Réponse : Oui. Nous venons de recevoir un financement supplémentaire du Fonds d’urgence de l’ONUSIDA pour acheter des médicaments, des pansements et des produits d’hygiène pour nos bénéficiaires. Cette aide essentielle arrive à point nommé, car nos bénéficiaires n’ont pas les moyens d’acheter de nombreux articles médicaux tels que le Fluconazole (un antibiotique) et ces articles sont par ailleurs devenus difficilement disponibles.

Question : Natalia, vous travaillez dans le domaine du VIH depuis plus de 20 ans. Le regard que porte le grand public sur les toxicomanes et les personnes vivant avec le VIH a-t-il changé ?

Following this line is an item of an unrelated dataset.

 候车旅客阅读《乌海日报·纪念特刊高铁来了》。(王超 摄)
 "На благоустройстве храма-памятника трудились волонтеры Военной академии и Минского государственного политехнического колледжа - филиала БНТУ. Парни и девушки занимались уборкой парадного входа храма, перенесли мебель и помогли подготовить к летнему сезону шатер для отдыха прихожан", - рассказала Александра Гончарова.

Réponse : Nous sommes heureux de constater une réduction spectaculaire du niveau de stigmatisation et de discrimination, ainsi qu’une amélioration globale des comportements envers nos bénéficiaires dans les environnements médicaux. Cependant, nous rencontrons toujours des problèmes de préjugés. Beaucoup de gens sont contre la présence de nos points d’échange de seringues et de nos centres communautaires près de chez eux, et ne souhaitent pas voir de toxicomanes dans leurs quartiers, car ces personnes craignent que les consommateurs et consommatrices de drogues menacent leur confort, leur bien-être et leur sécurité. Nous comprenons ces craintes et nous essayons d’expliquer aux personnes concernées pourquoi nous sommes là, comment fonctionnent ces points d’échange de seringues et les centres communautaires. Nous organisons des actions sur le terrain et des réunions pour expliquer aux personnes la réalité de la vie des toxicomanes. Notre travail consiste à justifier en permanence notre contribution et à montrer comment nous aidons à maîtriser les épidémies de VIH, de tuberculose et d’hépatite.

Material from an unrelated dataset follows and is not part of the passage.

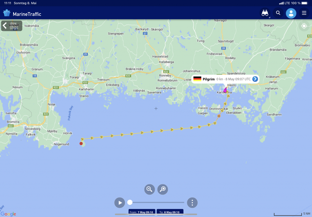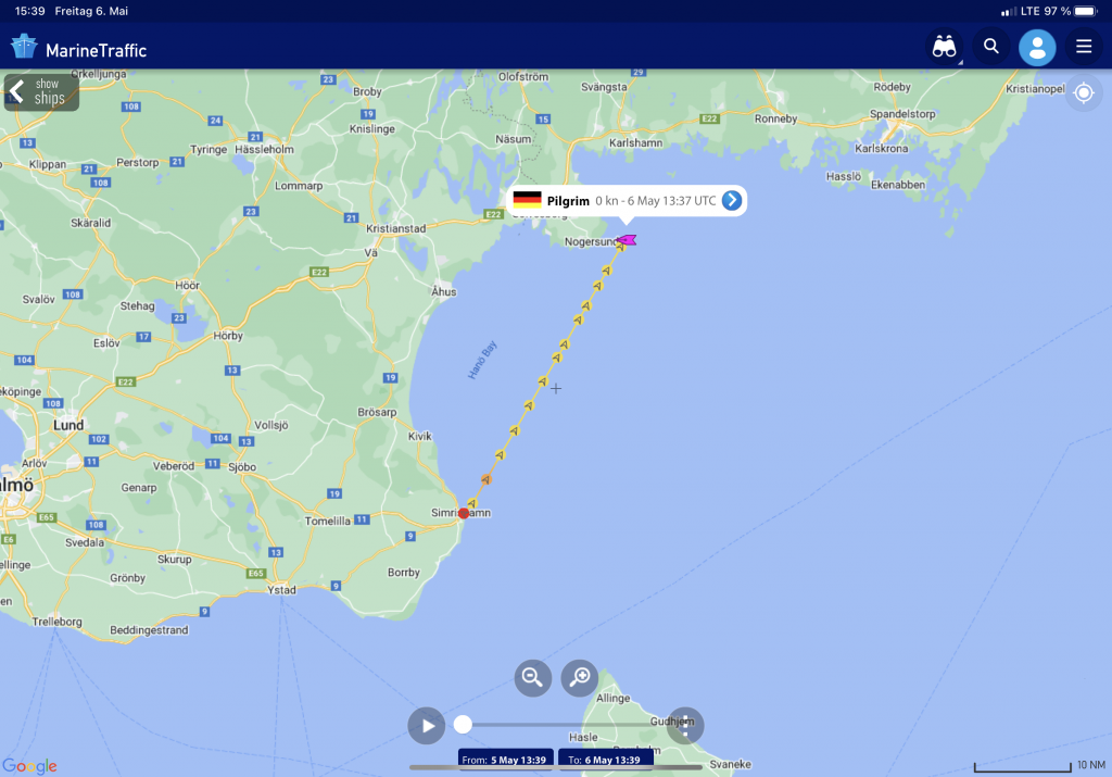 Der nächste Morgen graut… und der Wecker weckt – leider. Und das an einem Sonntag (08. Mai). Wie auch schon gestern, nur diesmal schon um 04.00h: Wetter checken und… für gut genug befunden. Um 05.00h sind die Leinen los und wir verlassen Hanö in Richtung Karlskrona – das ist da, wo sich vor vielen Jahren mal ein russisches U-Boot verstecken wollte… und leider/glücklicherweise irgendwann auf Grund lief und entdeckt wurde.

Depuis le début de la guerre, nous fournissons également un abri aux personnes qui vivent dans nos centres. Comme nos points d’échange de seringues se trouvent généralement dans les sous-sols, lorsque les sirènes se mettent à hurler, les voisins et voisines viennent chez nous. Cela signifie que, pour la première fois, les riverains et riveraines sont en contact direct avec des personnes vivant avec le VIH ou consommant des drogues.

Question : Quels sont les problèmes les plus urgents pour vous ?

Réponse : En ce moment, nous avons du mal à fournir à nos bénéficiaires du Naloxone qui permet d’éviter les overdoses. Bien que nous conseillons et informons sans cesse les gens sur les signes avant-coureurs d’une overdose, le nombre d’overdoses a augmenté à cause de la guerre en cours. Et comme le Naloxone est fabriqué dans la ville de Kharkiv qui est sous le feu des bombardements, nous n’en avons plus. Nous en avons besoin sous n’importe quelle forme, si possible sous une forme prête à l’emploi, intranasale ou injectable, car cela sauverait de nombreuses vies. Et nous devons maintenir les services anti-VIH pour les toxicomanes tout en leur fournissant une aide humanitaire urgente.